Task prompt: From the first line of the data through the line containing "FIRENZE – SAN", transcribe each line exactly. Pictures do not belong in the copy.

(Beginning of Raw data)

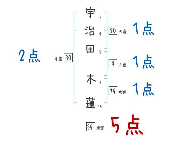 総運![]() | 宇治田木蓮さんの総運は39画の5つ星!社交性に優れ人望が厚い。人の上に立ち成功する。 あなたの人生を表す1番重要な運勢です。生涯を通じて影響する総合運となり、主に50歳以降の晩年期に影響を及ぼします。 |
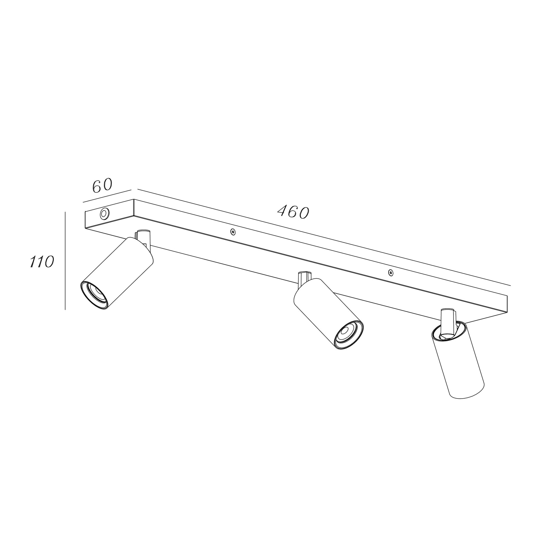 En enkel og delikat taklampe i sort base med tre sylinderformede lampehoder i bronsefarget metall. Lampen gir godt med lys, og lampehodene kan tiltes og roteres slik at du får ekstra lys der du trenger. Lampen fungerer derfor godt i rom der du trenger ekstra lys og spotbelysning. Til lampen trenger du 3stk LED-pærer med GU10-sokkel. Velg en dimbar pære for muligheten til å justere lysstyrken.
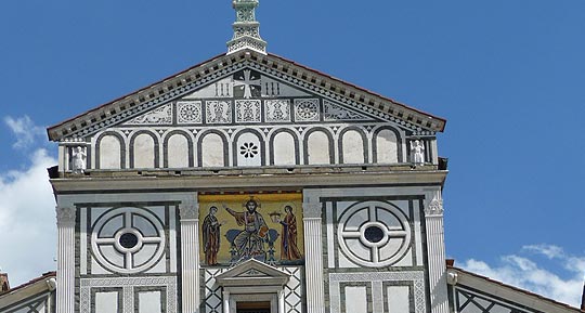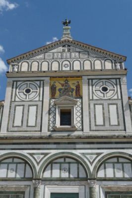 FIRENZE – SAN MINIATO AL MONTE / Altri elementi li possiamo osservare sulla bella facciata della Basilica come la presenza del “Vaso Sacro” forse un richiamo all’emblematica figura del Graal che ritroviamo nel Duomo di Siena
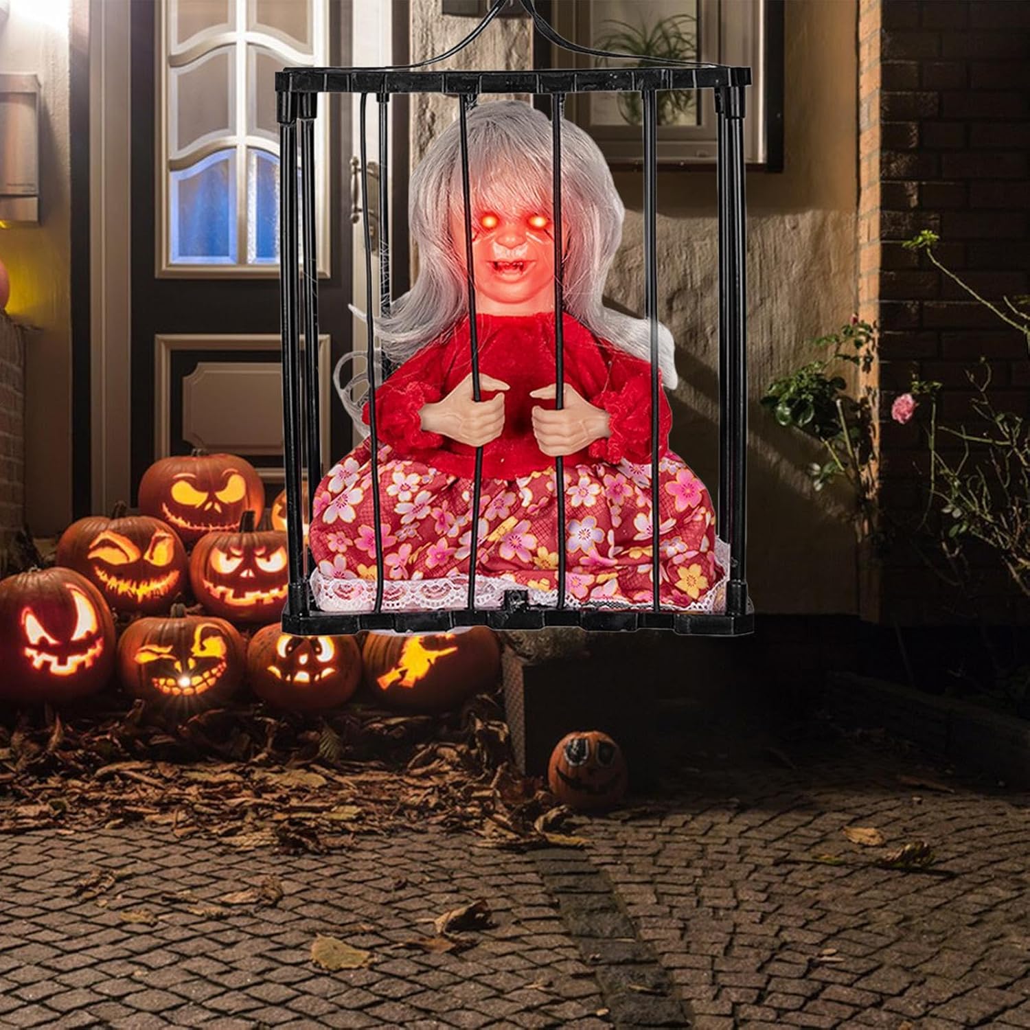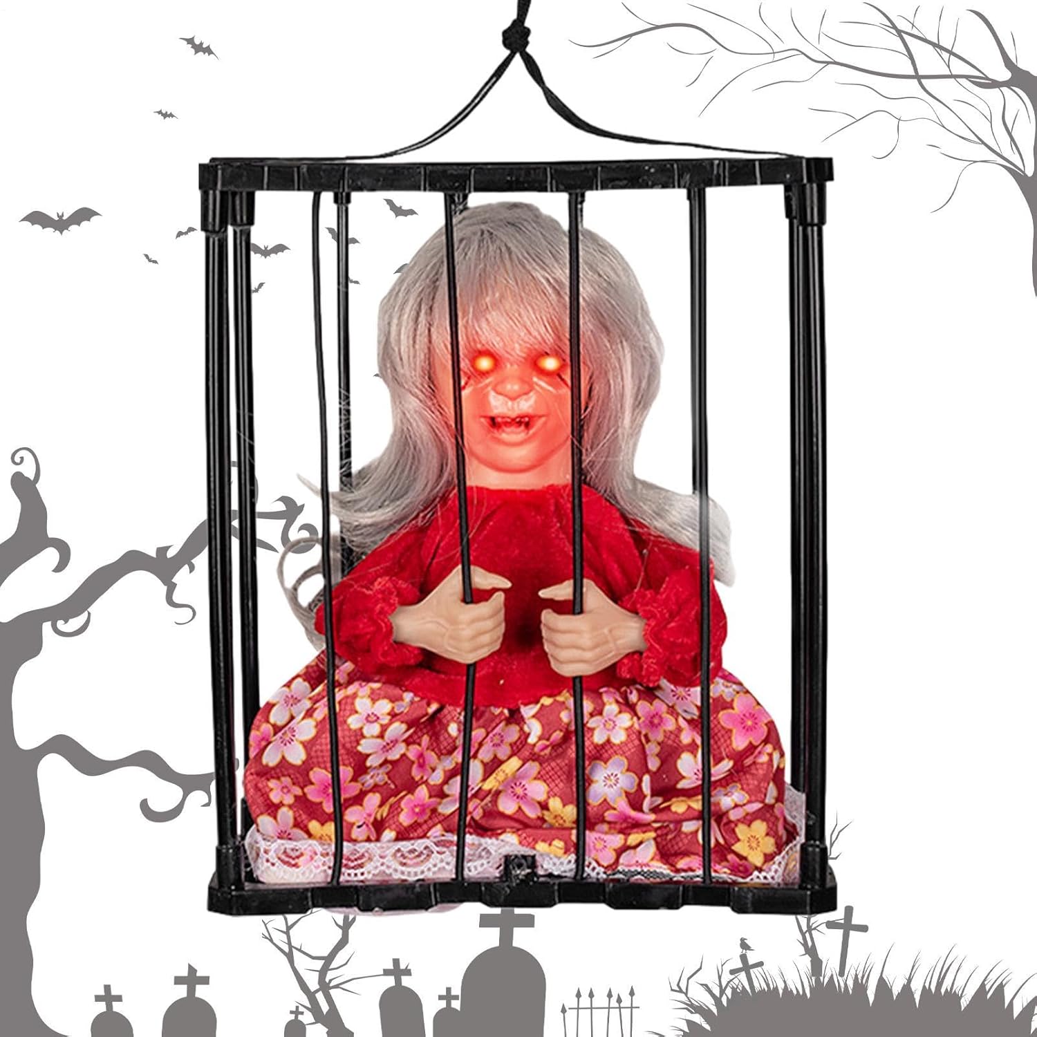 Momento clou inquietante: migliora le tue decorazioni di Halloween con la nostra gabbia della prigione di Halloween. Assisti al grido spaventoso del prigioniero "Portami fuori!" e guarda i tuoi ospiti turbarsi e immergersi in un'atmosfera spettrale. Ampia applicabilità: questa gabbia per prigionieri di Halloween è l'ultima aggiunta spettrale alle decorazioni della tua casa stregata. La gabbia dall'aspetto realistico può contenere qualsiasi creatura spaventosa ed è perfetta per spaventare gli ospiti, i dolcetti o gli scherzetti e i vicini. Con sensore di movimento e luce: gli occhi rossi tremolanti e gli effetti urlanti creano un'atmosfera spettrale. Attiva il sensore semplicemente ruotando l'interruttore. Con sensori di movimento e luce, può rilevare chiunque si avvicini da una distanza compresa tra 0 e 23,5 pollici. Materiale eccellente: realizzata con materiali ABS + tessuto di alta qualità, la gabbia per prigionieri di Halloween è costruita per durare e resistere all'usura. Garantisce uno spettacolo spettrale per il tuo arredamento di Halloween. Regalo decorativo: dai un tocco spettrale al tuo arredamento di Halloween con questa terrificante gabbia da prigione, un regalo perfetto per la famiglia e gli amici. Usalo per scioccare i tuoi ospiti, spaventare i tuoi vicini o creare un'atmosfera spettrale.

(End of Raw data)

Output:
 総運![]() | 宇治田木蓮さんの総運は39画の5つ星!社交性に優れ人望が厚い。人の上に立ち成功する。 あなたの人生を表す1番重要な運勢です。生涯を通じて影響する総合運となり、主に50歳以降の晩年期に影響を及ぼします。 |
 En enkel og delikat taklampe i sort base med tre sylinderformede lampehoder i bronsefarget metall. Lampen gir godt med lys, og lampehodene kan tiltes og roteres slik at du får ekstra lys der du trenger. Lampen fungerer derfor godt i rom der du trenger ekstra lys og spotbelysning. Til lampen trenger du 3stk LED-pærer med GU10-sokkel. Velg en dimbar pære for muligheten til å justere lysstyrken.
 FIRENZE – SAN MINIATO AL MONTE / Altri elementi li possiamo osservare sulla bella facciata della Basilica come la presenza del “Vaso Sacro” forse un richiamo all’emblematica figura del Graal che ritroviamo nel Duomo di Siena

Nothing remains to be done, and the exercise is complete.